I see that you have pass a --nnodes=2 argument. I am afraid that multi-node training is not supported at the moment. It supports single node multi-GPU training. Can you please start with a single node and 2 GPU training? That's what I have tested till date. I am trying to scale the code further but will take some time in doing so.

unrue commented 1 year ago

Ok, understood. The code is not multinode, but Multi-GPU yes. Why I don't see dist.all_reduce in training loop? Is somewhere? How gradients are synchronized among GPUs?
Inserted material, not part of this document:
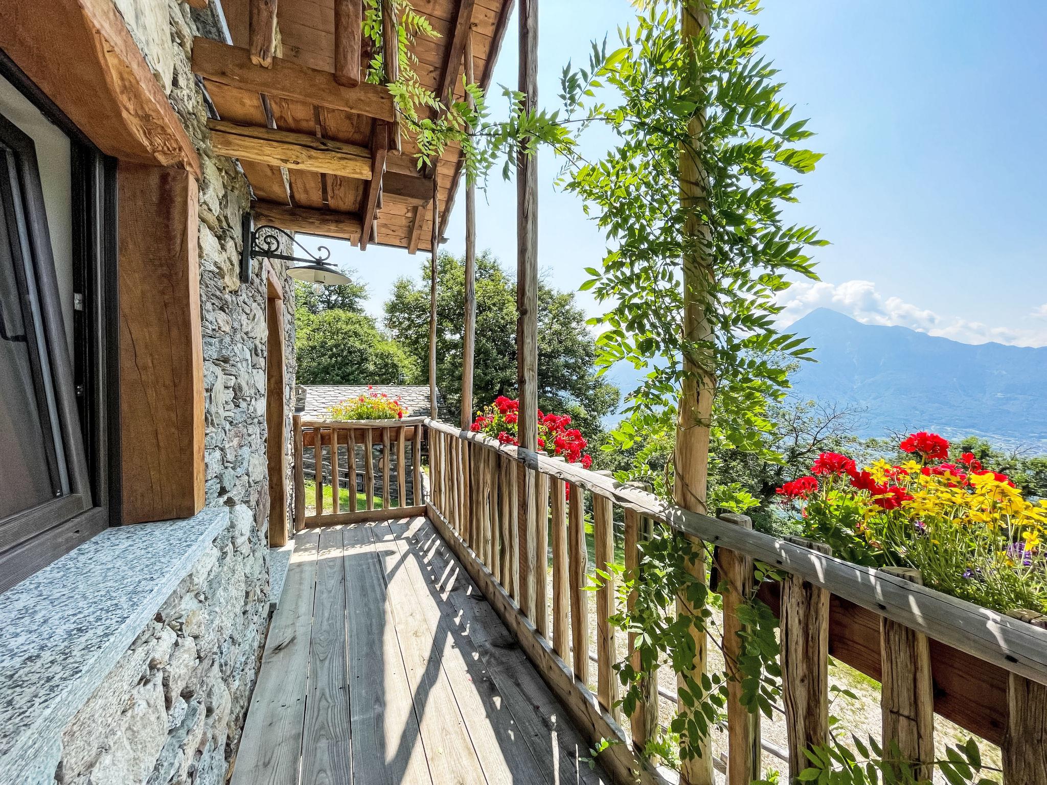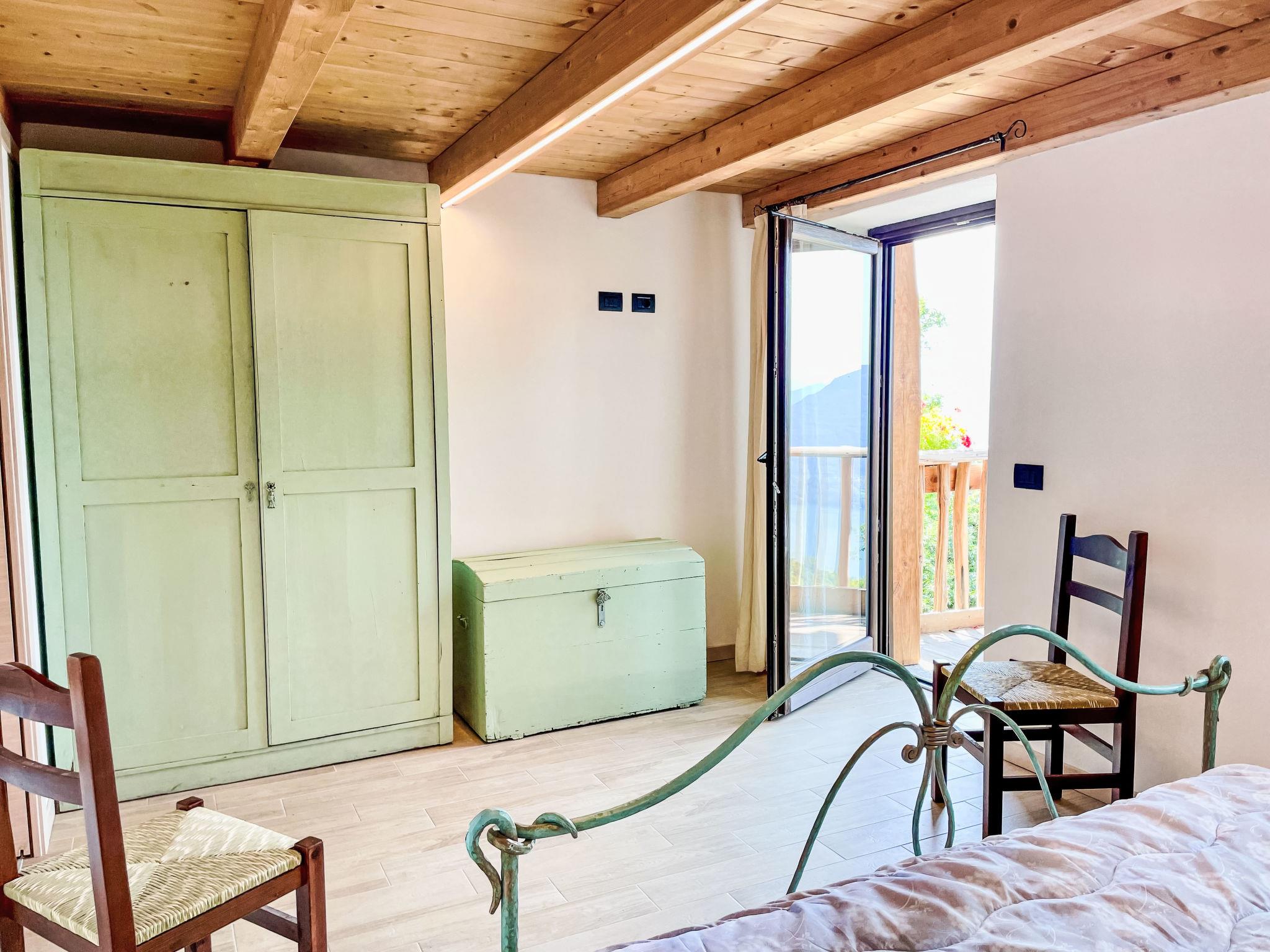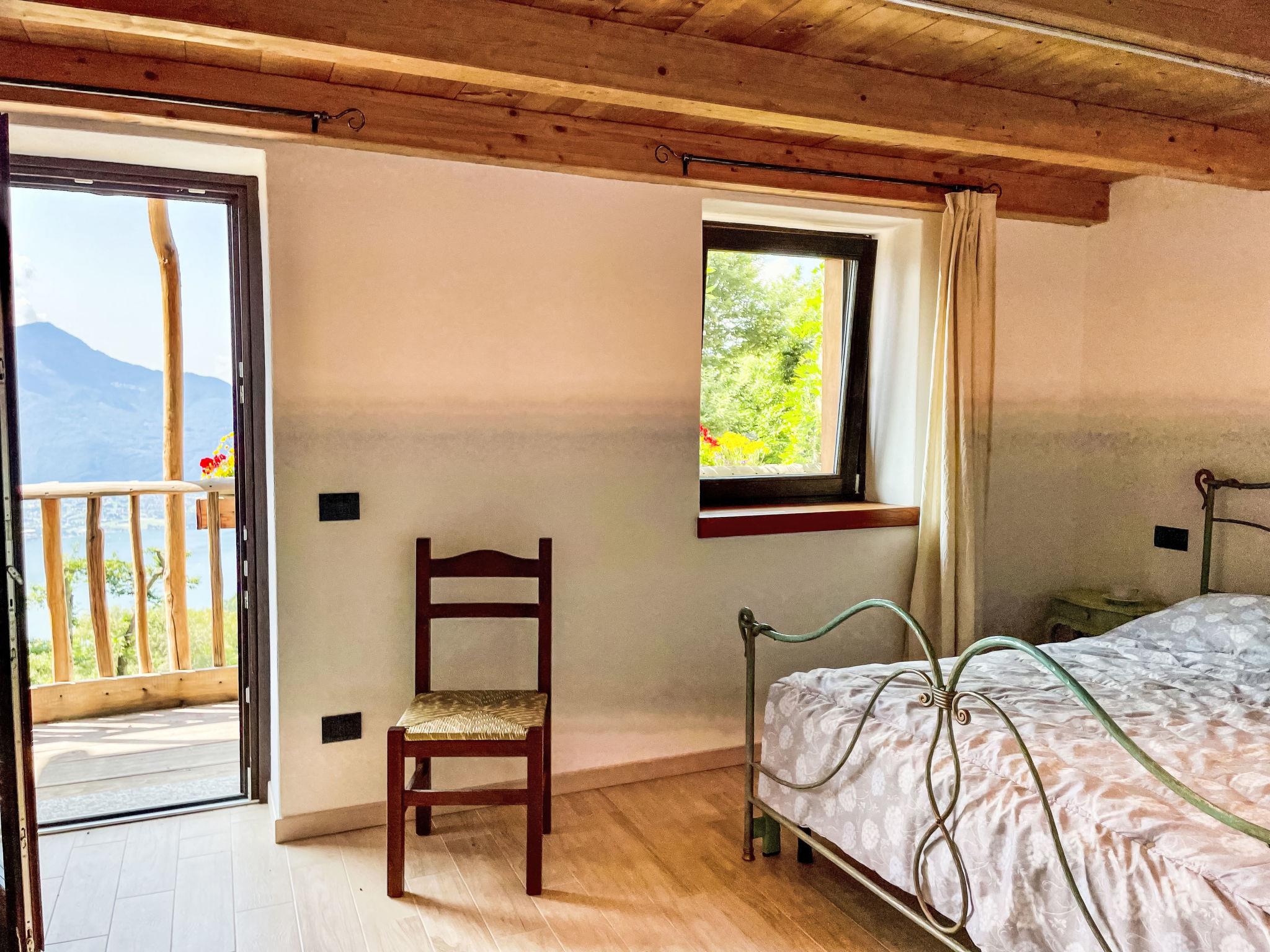 "Baita Mirtillo", 3-room house 85 m2 on 3 levels, south facing position. Comfortable and rustic furnishings: living/dining room with dining table, dining nook and TV. Exit to the garden. Open kitchen (oven, dishwasher, 4 induction hot plates, microwave, freezer, electric coffee machine). Shower/bidet/WC. Upper floor: 1 double bedroom. Exit to the balcony. Shower/bidet/WC. Electric heating. 2nd upper floor: open gallery with 1 double bed. Balcony, patio. Balcony furniture, deck chairs (2). Marvellous, of the lake and the mountains. Facilities: children's high chair, baby cot for up to 2 year olds, hair dryer. Internet (WiFi, free). Parking (1 car). Please note: non-smoking house. Maximum 1 pet/ dog allowed. IT013216C2TCE2J9S9

sovit-123 commented 1 year ago

You are right. There is a mistake. I have used SyncBatchNorm but forgot all_reduce. I will surely push the correct and updated code as soon as possible.

sovit-123 commented 10 months ago

Hi, the all_reduce has been included in the reduce_dict function in utils.py. I hope this resolves the issue. I am closing the issue for now. Please reopen if necessary.